Ливень все не унимался, но сквозь тучи сверкнуло солнце, и Перец выпростался из своих мыслей. Полный омерзения оттого, что должен что-то делать против своей воли, он напялил шляпу, взял стек, хотя не собирался ехать верхом, и, спустившись по самой широкой лестнице, вышел прямо в центральную аллею.

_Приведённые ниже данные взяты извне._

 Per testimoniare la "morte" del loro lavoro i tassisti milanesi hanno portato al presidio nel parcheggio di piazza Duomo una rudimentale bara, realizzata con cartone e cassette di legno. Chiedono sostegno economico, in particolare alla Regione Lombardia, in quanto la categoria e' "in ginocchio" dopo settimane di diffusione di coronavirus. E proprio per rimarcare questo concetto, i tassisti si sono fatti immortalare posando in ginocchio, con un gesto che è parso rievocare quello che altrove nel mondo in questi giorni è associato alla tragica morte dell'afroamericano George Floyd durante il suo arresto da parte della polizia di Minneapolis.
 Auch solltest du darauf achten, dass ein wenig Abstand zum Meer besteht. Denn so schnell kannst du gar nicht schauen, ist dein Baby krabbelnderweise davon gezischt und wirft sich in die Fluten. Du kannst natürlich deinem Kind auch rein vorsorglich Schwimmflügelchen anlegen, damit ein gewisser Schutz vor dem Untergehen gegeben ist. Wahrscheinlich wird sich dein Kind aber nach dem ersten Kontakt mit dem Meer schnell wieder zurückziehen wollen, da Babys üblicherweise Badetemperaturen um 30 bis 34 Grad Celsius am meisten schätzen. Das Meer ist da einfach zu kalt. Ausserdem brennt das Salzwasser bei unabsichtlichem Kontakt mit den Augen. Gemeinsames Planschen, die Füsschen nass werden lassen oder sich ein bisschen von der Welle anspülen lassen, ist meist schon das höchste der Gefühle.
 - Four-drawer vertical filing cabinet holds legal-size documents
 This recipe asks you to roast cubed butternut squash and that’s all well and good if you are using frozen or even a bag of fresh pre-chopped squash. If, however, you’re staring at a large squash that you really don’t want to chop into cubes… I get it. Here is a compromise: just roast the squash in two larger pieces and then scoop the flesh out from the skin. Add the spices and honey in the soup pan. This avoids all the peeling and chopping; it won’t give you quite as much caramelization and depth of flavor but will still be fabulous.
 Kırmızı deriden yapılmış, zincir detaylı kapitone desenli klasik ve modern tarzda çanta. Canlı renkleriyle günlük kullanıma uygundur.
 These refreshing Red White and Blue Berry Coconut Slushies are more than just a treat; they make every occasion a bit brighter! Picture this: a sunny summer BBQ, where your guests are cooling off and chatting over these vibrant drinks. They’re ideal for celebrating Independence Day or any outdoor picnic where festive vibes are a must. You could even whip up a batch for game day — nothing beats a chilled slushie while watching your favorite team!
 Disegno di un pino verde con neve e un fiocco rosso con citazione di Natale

С того самого момента, как он очнулся и ощутил себя лежащим в своей комнате, в своей постели, Альбаса не оставляли в покое два тесно переплетенных между собой чувства: вина и ненависть. Два этих, казалось бы, эгоистичнейших состояния (если пока оставить в сторонке любовь) утратили в душе Альбаса обычную определенность. Переживая ненависть и вину, Альбас ни на секунду не задумался о себе, о том, чем они ему выгодны. Его терзали угрызения совести, он раздувал в себе мстительные мысли, которые – он сам это понимал – даже став делами, вряд ли смогут навредить юному графу больше, чем ему самому. Чересчур большая пропасть разделяла их, чересчур высоко было социальное положение графа по сравнению с его. Впрочем, чувства эти посетили Альбаса не сразу после того, как он пришел в себя, но чуть позже, когда он увидел, как тихо приоткрылась дверь и вошел отец. Лоб его был бледен. Отец нес в руках кувшин, полный желтых, красных, рыжих гвоздик.

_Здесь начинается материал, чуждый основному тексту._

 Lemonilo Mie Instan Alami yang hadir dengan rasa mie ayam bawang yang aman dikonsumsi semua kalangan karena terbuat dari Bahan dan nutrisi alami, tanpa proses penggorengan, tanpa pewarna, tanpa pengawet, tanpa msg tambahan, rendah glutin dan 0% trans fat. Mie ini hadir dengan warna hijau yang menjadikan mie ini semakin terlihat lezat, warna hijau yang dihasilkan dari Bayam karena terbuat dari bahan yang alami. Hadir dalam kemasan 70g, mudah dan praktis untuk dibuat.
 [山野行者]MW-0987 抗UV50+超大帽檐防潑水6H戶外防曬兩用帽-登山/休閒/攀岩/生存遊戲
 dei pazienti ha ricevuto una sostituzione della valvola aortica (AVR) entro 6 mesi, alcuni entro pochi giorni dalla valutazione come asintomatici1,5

– Хвала Всевышнему, – прошептал отец, перекрестившись. – Так ты очнулся, сынка.
Взбудораженные мозги Альбаса сразу отмечали все, что изменилось в мире с того момента, как они испытали сильное потрясение. Первой непривычной вещью были цветы. Альбас не помнил, были ли в их доме когда-нибудь цветы, ставили ли их в вазы. Вторая причина для удивления было обращение «сынка». Так нежно отец никогда Альбаса не называл. Они вечно в чем-то были несогласны, день и ночь втихомолку грызлись и спорили, и слово поласковее означало бы только капитуляцию, и ничего больше, открытое признание чужого мнения, смирение перед авторитетом Другого. Именно этого и нельзя было допустить, ибо Альбас, что касается упрямства, был подлинный сын своего отца. Потому они никогда, сколько помнит Альбас, иначе друг друга не называли, как только «Альбе» да «отче». Хотя любили друг друга, всегда любили, но любви их не нужны были красивые слова. Они и так это знали.